# Aim of the exercise:
An exact reproduction is needed of every line from the beginning of the data down to and including the line that contains "Lovely weathered millstone", minus the pictures.

Extracted records:
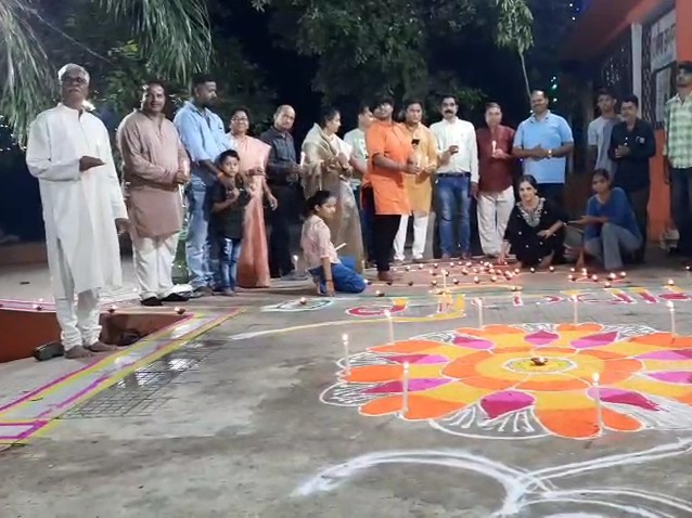 मुक्तिधाम परिसर को आकर्षक रंगोली और दीपों की श्रृंखला से सजाया गया था। इस सजावट में मातृशक्ति की महत्वपूर्ण भूमिका रही, जिन्होंने रंग-बिरंगी रंगोलियों से परिसर को सुंदरता प्रदान की।
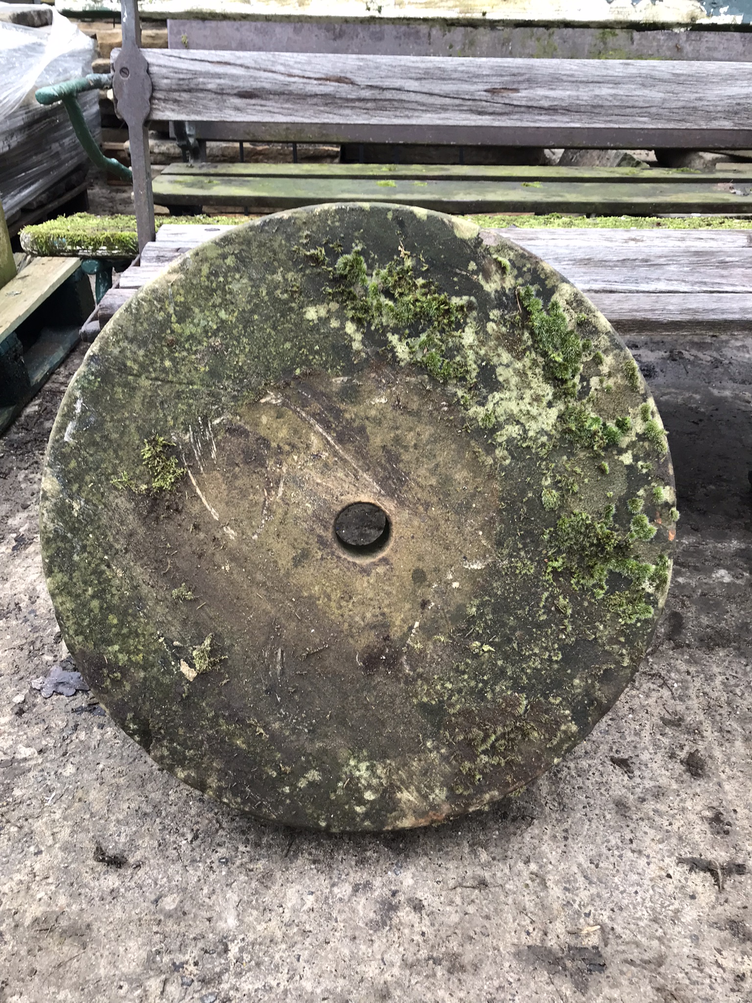 Lovely weathered millstone with great patina. 23” diameter 4” thick
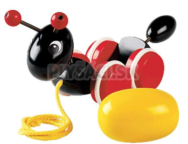 Ťahací mravec s vajíčkom je vyrobený z kvalitného dreva natretý nezávadnými farbami. Jedná sa o klasickú jazdiacu a ťahaciu hračku pre najmenšie deti. Vajíčko na chrbte mravca sa pri pohybe otáča. Dĺžka 22 cm.
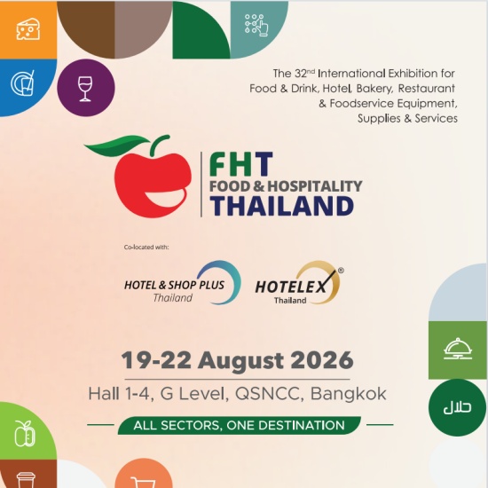 2026 年泰国国际食品饮料、酒店、烘焙、餐饮及餐饮服务设备用品展览会(FHT)迎来第 32 届。本届展会以 “一站式覆盖全行业” 为主题,涵盖食品、饮料及酒店服务业的各个领域,展示世界级解决方案与最新技术,为全行业创造合作与增长机遇。作为充满活力的行业平台,这里是创新蓬勃发展、灵感碰撞迸发、企业携手联结的核心地带 —— 推动行业持续前行,巩固泰国作为区域内食品及酒店服务业卓越中心的地位。
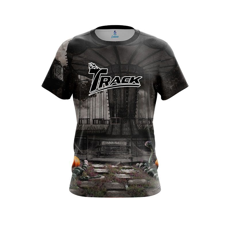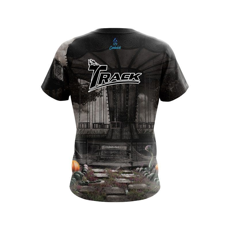 Stay 40% cooler with CoolWick. Our Track Spooky Carnival Carousel CoolWick Bowling Jerseys are made of two different fabrics with the back being our CoolWick technology fabric that helps wick moisture away and helps air flow more easily through the fibers.
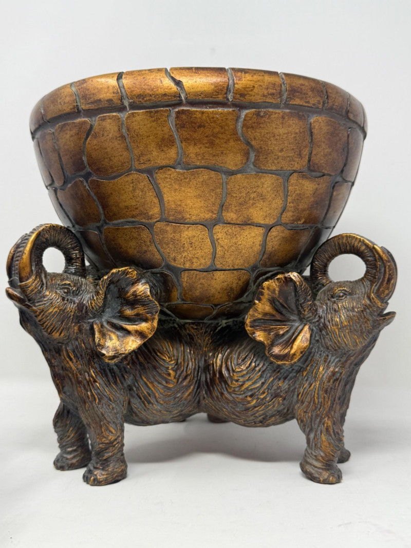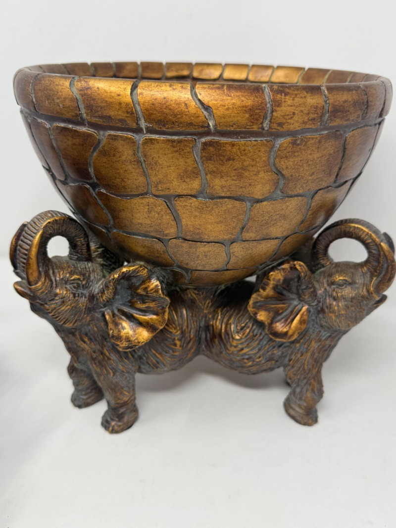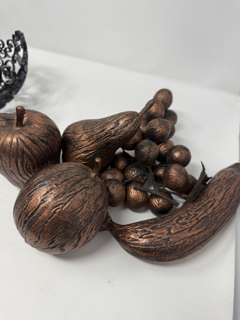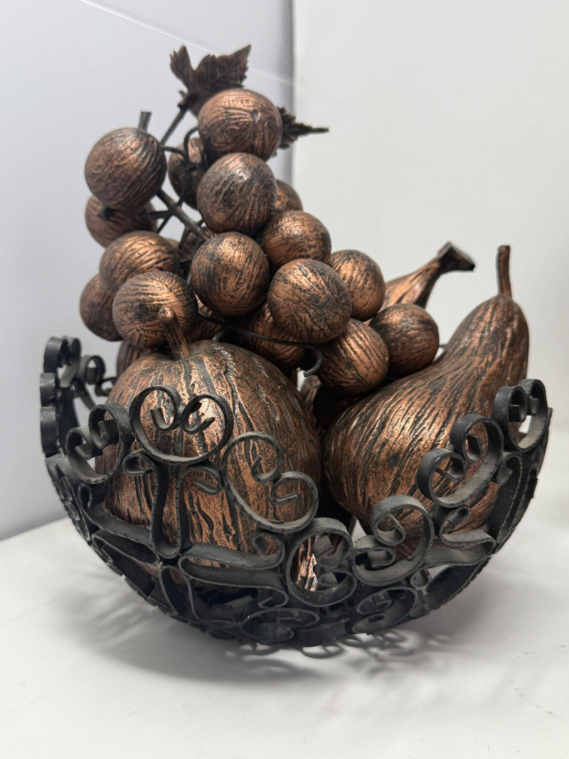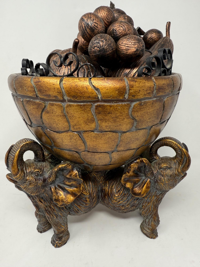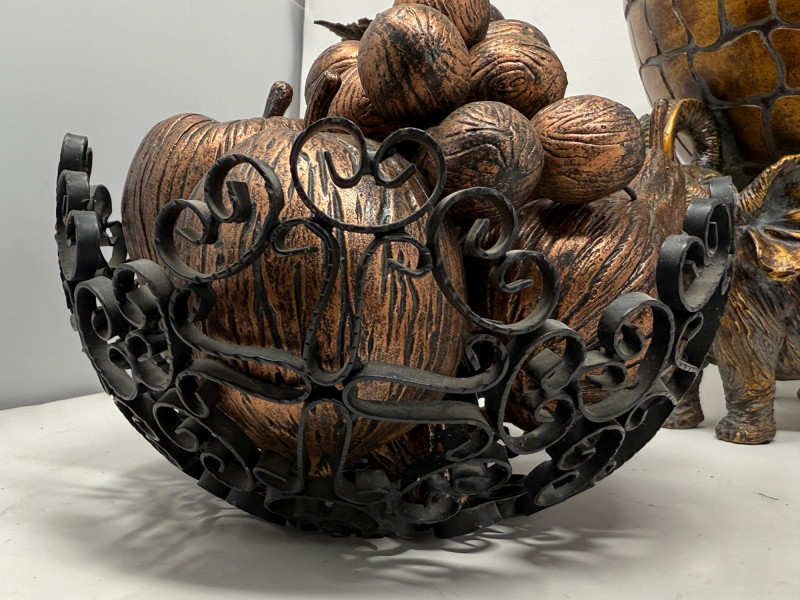 Bronze Pottery Elephant Bowl & Spanish Iron Bowl & Fruit Elephants with bowl is 10.5x9.75” 5 piece Plastic Fruit Spanish iron bowl is 8x4.5”

# Reply to the exercise:
 मुक्तिधाम परिसर को आकर्षक रंगोली और दीपों की श्रृंखला से सजाया गया था। इस सजावट में मातृशक्ति की महत्वपूर्ण भूमिका रही, जिन्होंने रंग-बिरंगी रंगोलियों से परिसर को सुंदरता प्रदान की।
 Lovely weathered millstone with great patina. 23” diameter 4” thick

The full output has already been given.